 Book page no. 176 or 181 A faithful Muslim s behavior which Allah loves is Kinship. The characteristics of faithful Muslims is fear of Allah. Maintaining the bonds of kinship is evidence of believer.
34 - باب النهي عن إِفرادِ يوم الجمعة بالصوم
··········
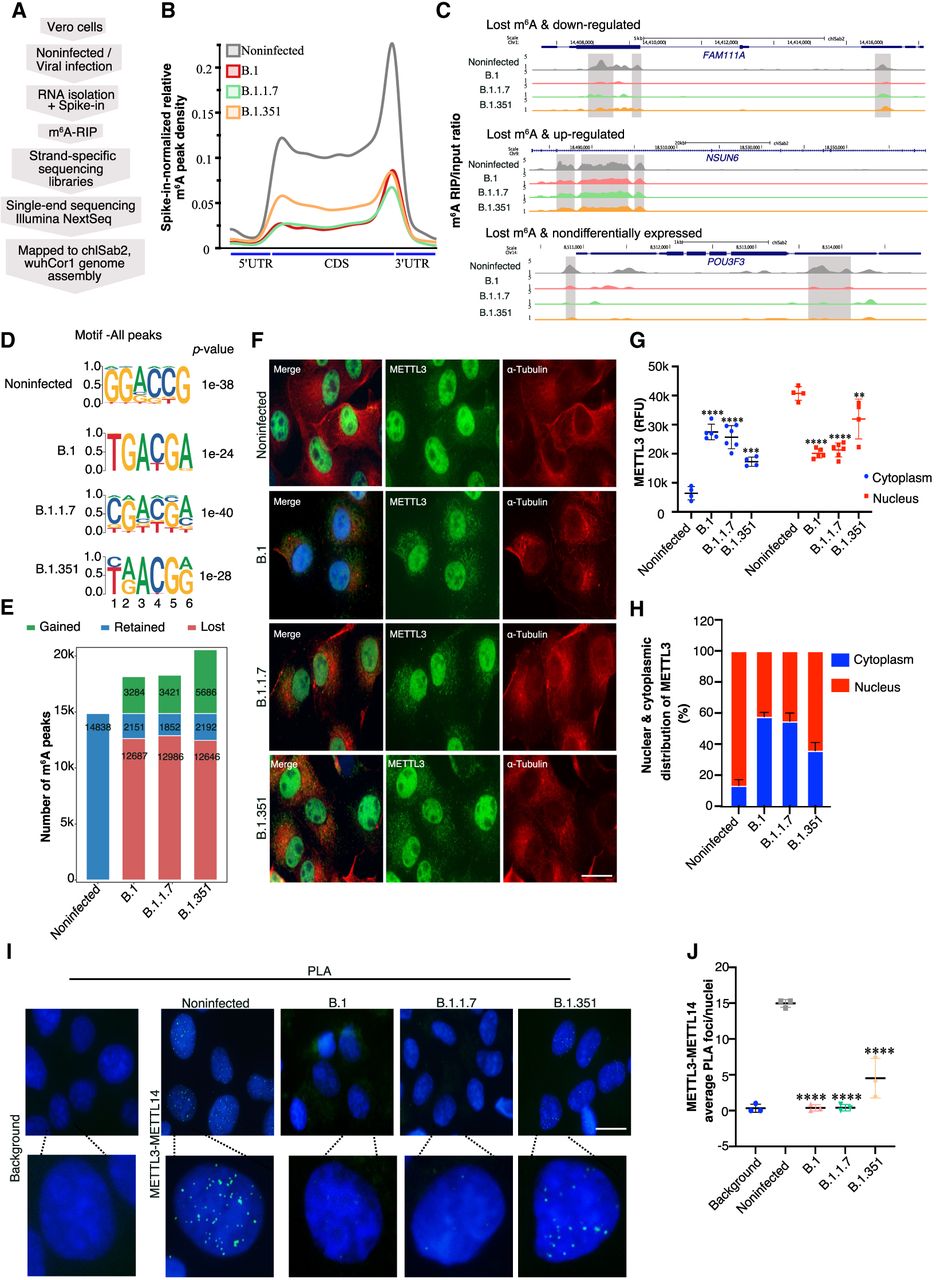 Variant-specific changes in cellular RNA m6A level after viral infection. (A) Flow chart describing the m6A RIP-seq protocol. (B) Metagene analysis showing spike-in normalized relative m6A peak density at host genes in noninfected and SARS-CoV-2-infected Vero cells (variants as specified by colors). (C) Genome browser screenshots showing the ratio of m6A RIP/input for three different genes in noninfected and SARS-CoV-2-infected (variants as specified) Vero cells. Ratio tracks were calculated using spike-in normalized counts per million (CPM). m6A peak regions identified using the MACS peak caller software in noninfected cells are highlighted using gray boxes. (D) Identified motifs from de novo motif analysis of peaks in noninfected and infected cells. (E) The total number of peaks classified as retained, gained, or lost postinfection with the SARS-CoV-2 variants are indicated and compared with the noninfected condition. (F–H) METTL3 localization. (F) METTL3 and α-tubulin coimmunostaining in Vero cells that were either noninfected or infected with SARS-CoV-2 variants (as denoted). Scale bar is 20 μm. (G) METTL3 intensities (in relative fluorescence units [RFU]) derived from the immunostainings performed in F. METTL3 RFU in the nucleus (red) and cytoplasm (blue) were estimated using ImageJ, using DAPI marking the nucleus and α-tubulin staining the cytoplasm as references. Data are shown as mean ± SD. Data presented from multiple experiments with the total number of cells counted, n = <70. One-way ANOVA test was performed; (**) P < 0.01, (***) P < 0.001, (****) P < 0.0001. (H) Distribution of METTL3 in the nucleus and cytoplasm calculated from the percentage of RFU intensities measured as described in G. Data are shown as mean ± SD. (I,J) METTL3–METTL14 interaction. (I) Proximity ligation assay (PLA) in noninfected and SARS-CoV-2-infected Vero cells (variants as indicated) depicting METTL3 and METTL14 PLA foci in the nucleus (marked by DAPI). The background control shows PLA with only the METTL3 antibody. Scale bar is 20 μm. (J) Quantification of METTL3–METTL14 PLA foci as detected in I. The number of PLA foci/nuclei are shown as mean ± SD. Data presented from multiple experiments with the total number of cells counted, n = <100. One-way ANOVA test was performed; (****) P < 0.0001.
··········
# [TASK PROMPT]
After locating the line with "Book page no." above, return that line and every later line through the one with "34 - باب النهي عن إِفرادِ يوم الجمعة بالصوم", word for word and with nothing else.

# [TASK OUTPUT]
 Book page no. 176 or 181 A faithful Muslim s behavior which Allah loves is Kinship. The characteristics of faithful Muslims is fear of Allah. Maintaining the bonds of kinship is evidence of believer.
34 - باب النهي عن إِفرادِ يوم الجمعة بالصوم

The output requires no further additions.